### Task to carry out
Please retype the listing exactly as it appears, skipping each picture.

#### Available data

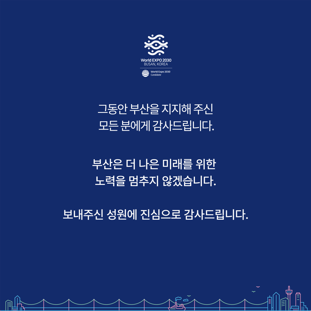 2030 부산세계박람회 유치 과정은 대한민국의 국제적 위상을 높이고, 부산을 세계적인 도시로 만들기 위한 중요한 시도였습니다. 이 경험은 부산과 대한민국에게 새로운 국제적 기회를 열어주는 교훈과 경험을 제공했습니다. 실패에도 불구하고, 부산과 대한민국은 이를 바탕으로 더 큰 꿈을 향해 나아갈 것입니다.
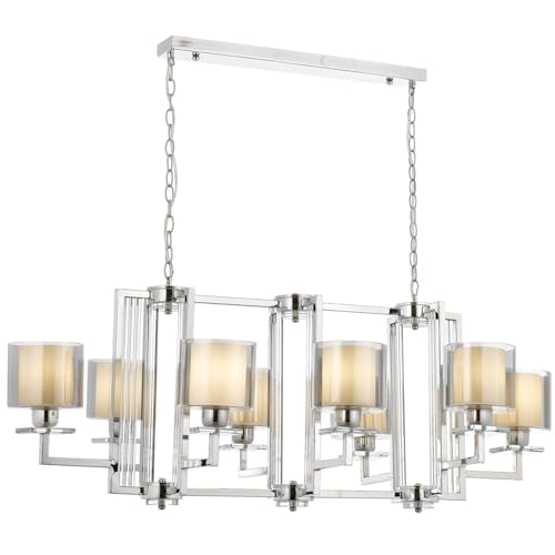 Opviq Élégant lustre chromé, 100 cm de hauteur x 110 cm de largeur x 60 cm de profondeur | 8 douilles E14, max. 40 W | Design moderne glamour pour les intérieurs élégants
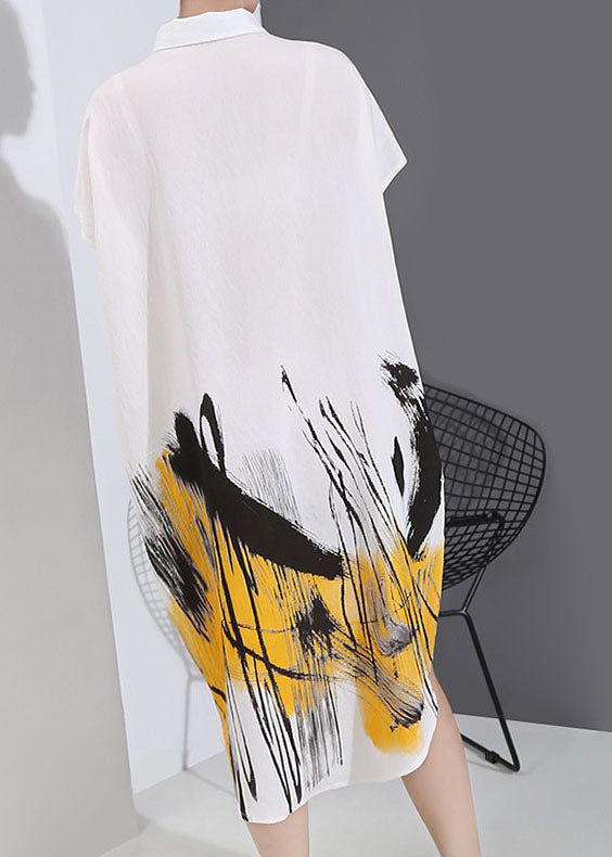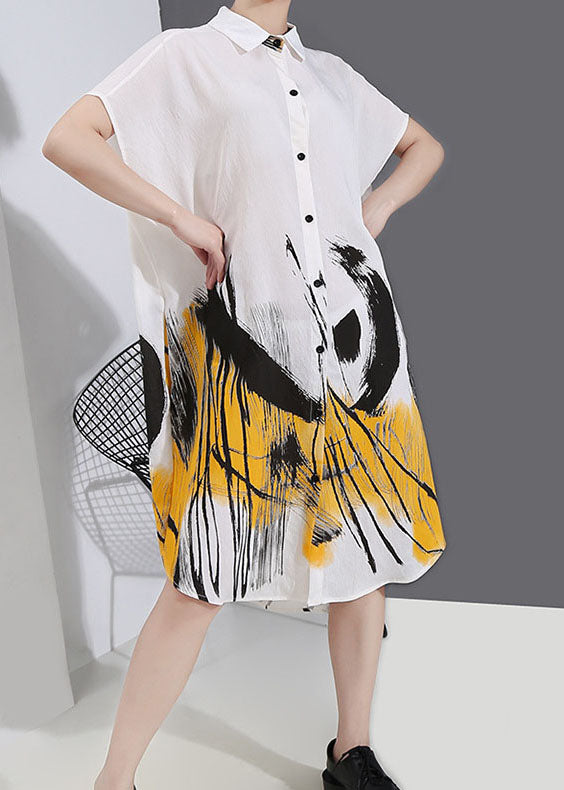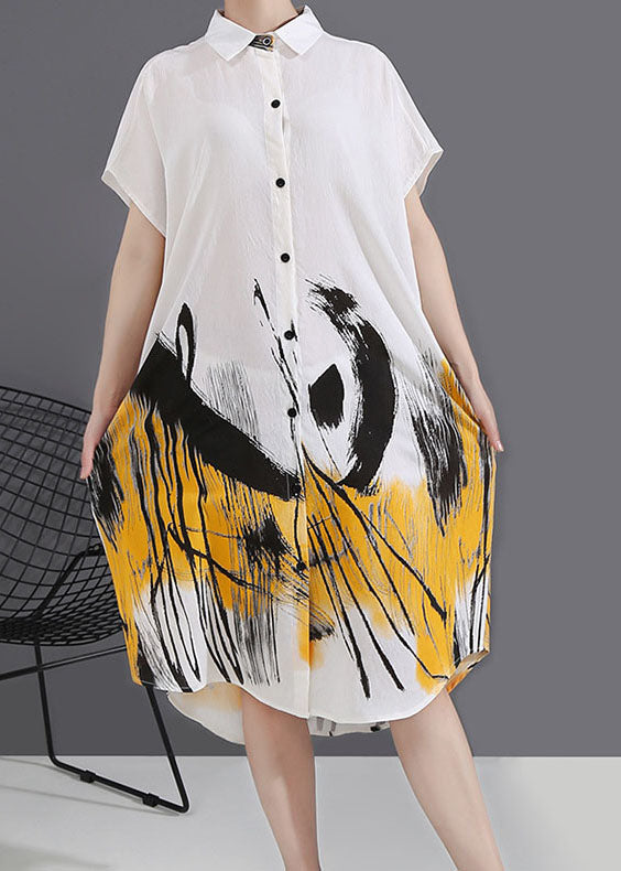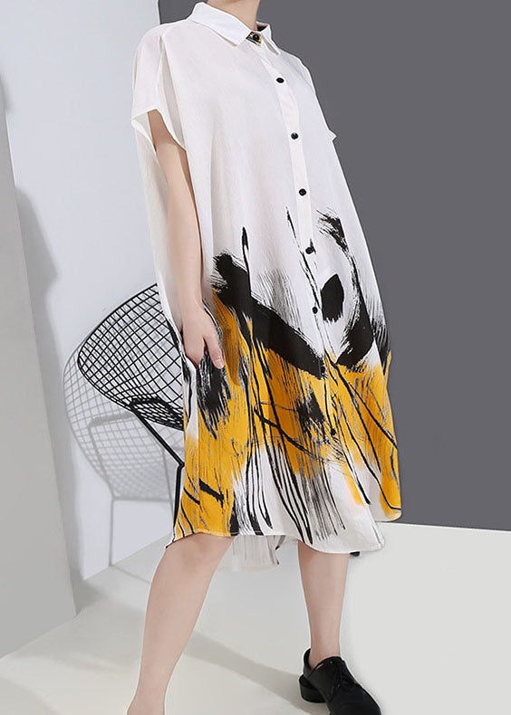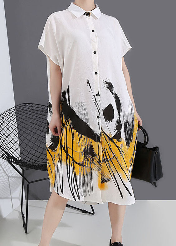 Natürliches weißes Hemdkleid mit niedrigem und hohem Design und Peter-Pan-Kragen

########

### Task solution
 2030 부산세계박람회 유치 과정은 대한민국의 국제적 위상을 높이고, 부산을 세계적인 도시로 만들기 위한 중요한 시도였습니다. 이 경험은 부산과 대한민국에게 새로운 국제적 기회를 열어주는 교훈과 경험을 제공했습니다. 실패에도 불구하고, 부산과 대한민국은 이를 바탕으로 더 큰 꿈을 향해 나아갈 것입니다.
 Opviq Élégant lustre chromé, 100 cm de hauteur x 110 cm de largeur x 60 cm de profondeur | 8 douilles E14, max. 40 W | Design moderne glamour pour les intérieurs élégants
 Natürliches weißes Hemdkleid mit niedrigem und hohem Design und Peter-Pan-Kragen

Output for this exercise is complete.